[Dataset extract]

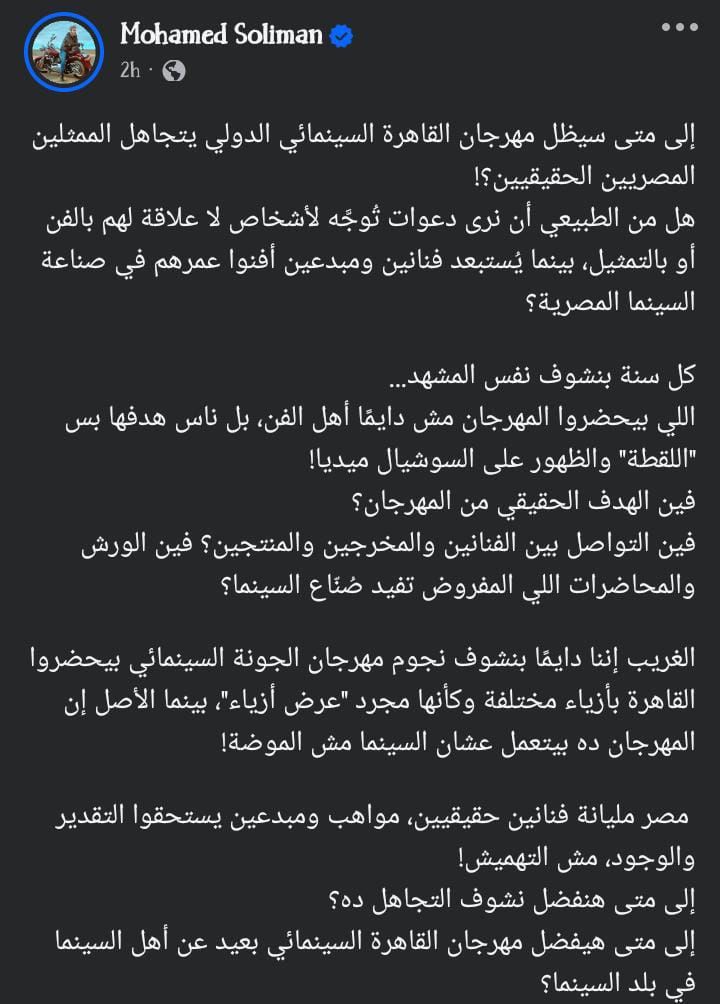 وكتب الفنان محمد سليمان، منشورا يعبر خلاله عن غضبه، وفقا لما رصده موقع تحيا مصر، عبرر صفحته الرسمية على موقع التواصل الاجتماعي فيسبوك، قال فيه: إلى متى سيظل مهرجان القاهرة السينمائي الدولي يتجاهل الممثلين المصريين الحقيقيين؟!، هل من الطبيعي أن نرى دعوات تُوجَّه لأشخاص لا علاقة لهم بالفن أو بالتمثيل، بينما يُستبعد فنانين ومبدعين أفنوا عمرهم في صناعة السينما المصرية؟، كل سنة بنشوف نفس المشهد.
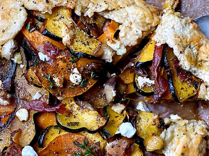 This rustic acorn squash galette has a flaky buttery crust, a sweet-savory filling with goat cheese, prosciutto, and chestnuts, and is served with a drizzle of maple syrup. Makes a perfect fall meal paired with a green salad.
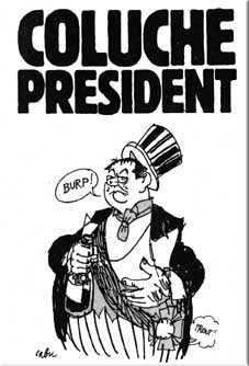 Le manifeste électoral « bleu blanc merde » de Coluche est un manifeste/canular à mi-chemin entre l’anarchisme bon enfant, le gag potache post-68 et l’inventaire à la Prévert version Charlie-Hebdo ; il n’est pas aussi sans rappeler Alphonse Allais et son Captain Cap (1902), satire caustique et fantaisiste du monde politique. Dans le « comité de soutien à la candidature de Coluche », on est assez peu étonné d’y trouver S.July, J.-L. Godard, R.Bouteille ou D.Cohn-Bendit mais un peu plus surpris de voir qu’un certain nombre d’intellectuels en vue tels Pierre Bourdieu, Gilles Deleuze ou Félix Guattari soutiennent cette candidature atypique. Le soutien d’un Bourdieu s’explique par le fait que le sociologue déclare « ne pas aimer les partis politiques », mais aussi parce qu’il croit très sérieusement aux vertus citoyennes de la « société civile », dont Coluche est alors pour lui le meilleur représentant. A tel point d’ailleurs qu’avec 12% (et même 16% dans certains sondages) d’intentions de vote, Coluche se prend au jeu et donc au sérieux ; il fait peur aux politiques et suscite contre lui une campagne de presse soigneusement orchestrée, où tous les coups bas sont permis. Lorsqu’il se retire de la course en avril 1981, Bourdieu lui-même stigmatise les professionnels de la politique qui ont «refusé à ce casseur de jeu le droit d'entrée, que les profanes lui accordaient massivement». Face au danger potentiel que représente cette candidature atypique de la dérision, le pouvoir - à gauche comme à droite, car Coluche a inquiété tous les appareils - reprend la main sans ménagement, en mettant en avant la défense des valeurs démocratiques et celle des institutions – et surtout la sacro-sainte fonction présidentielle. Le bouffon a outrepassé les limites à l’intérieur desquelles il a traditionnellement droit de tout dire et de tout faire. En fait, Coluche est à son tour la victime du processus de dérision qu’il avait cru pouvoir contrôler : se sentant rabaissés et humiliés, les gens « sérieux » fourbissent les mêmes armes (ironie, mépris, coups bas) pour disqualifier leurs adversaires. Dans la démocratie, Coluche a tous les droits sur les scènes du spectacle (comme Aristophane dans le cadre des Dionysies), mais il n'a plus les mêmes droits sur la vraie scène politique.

[/Dataset extract]

Task details
Reproduce the listing above exactly, excluding all pictures.

Exercise response
 وكتب الفنان محمد سليمان، منشورا يعبر خلاله عن غضبه، وفقا لما رصده موقع تحيا مصر، عبرر صفحته الرسمية على موقع التواصل الاجتماعي فيسبوك، قال فيه: إلى متى سيظل مهرجان القاهرة السينمائي الدولي يتجاهل الممثلين المصريين الحقيقيين؟!، هل من الطبيعي أن نرى دعوات تُوجَّه لأشخاص لا علاقة لهم بالفن أو بالتمثيل، بينما يُستبعد فنانين ومبدعين أفنوا عمرهم في صناعة السينما المصرية؟، كل سنة بنشوف نفس المشهد.
 This rustic acorn squash galette has a flaky buttery crust, a sweet-savory filling with goat cheese, prosciutto, and chestnuts, and is served with a drizzle of maple syrup. Makes a perfect fall meal paired with a green salad.
 Le manifeste électoral « bleu blanc merde » de Coluche est un manifeste/canular à mi-chemin entre l’anarchisme bon enfant, le gag potache post-68 et l’inventaire à la Prévert version Charlie-Hebdo ; il n’est pas aussi sans rappeler Alphonse Allais et son Captain Cap (1902), satire caustique et fantaisiste du monde politique. Dans le « comité de soutien à la candidature de Coluche », on est assez peu étonné d’y trouver S.July, J.-L. Godard, R.Bouteille ou D.Cohn-Bendit mais un peu plus surpris de voir qu’un certain nombre d’intellectuels en vue tels Pierre Bourdieu, Gilles Deleuze ou Félix Guattari soutiennent cette candidature atypique. Le soutien d’un Bourdieu s’explique par le fait que le sociologue déclare « ne pas aimer les partis politiques », mais aussi parce qu’il croit très sérieusement aux vertus citoyennes de la « société civile », dont Coluche est alors pour lui le meilleur représentant. A tel point d’ailleurs qu’avec 12% (et même 16% dans certains sondages) d’intentions de vote, Coluche se prend au jeu et donc au sérieux ; il fait peur aux politiques et suscite contre lui une campagne de presse soigneusement orchestrée, où tous les coups bas sont permis. Lorsqu’il se retire de la course en avril 1981, Bourdieu lui-même stigmatise les professionnels de la politique qui ont «refusé à ce casseur de jeu le droit d'entrée, que les profanes lui accordaient massivement». Face au danger potentiel que représente cette candidature atypique de la dérision, le pouvoir - à gauche comme à droite, car Coluche a inquiété tous les appareils - reprend la main sans ménagement, en mettant en avant la défense des valeurs démocratiques et celle des institutions – et surtout la sacro-sainte fonction présidentielle. Le bouffon a outrepassé les limites à l’intérieur desquelles il a traditionnellement droit de tout dire et de tout faire. En fait, Coluche est à son tour la victime du processus de dérision qu’il avait cru pouvoir contrôler : se sentant rabaissés et humiliés, les gens « sérieux » fourbissent les mêmes armes (ironie, mépris, coups bas) pour disqualifier leurs adversaires. Dans la démocratie, Coluche a tous les droits sur les scènes du spectacle (comme Aristophane dans le cadre des Dionysies), mais il n'a plus les mêmes droits sur la vraie scène politique.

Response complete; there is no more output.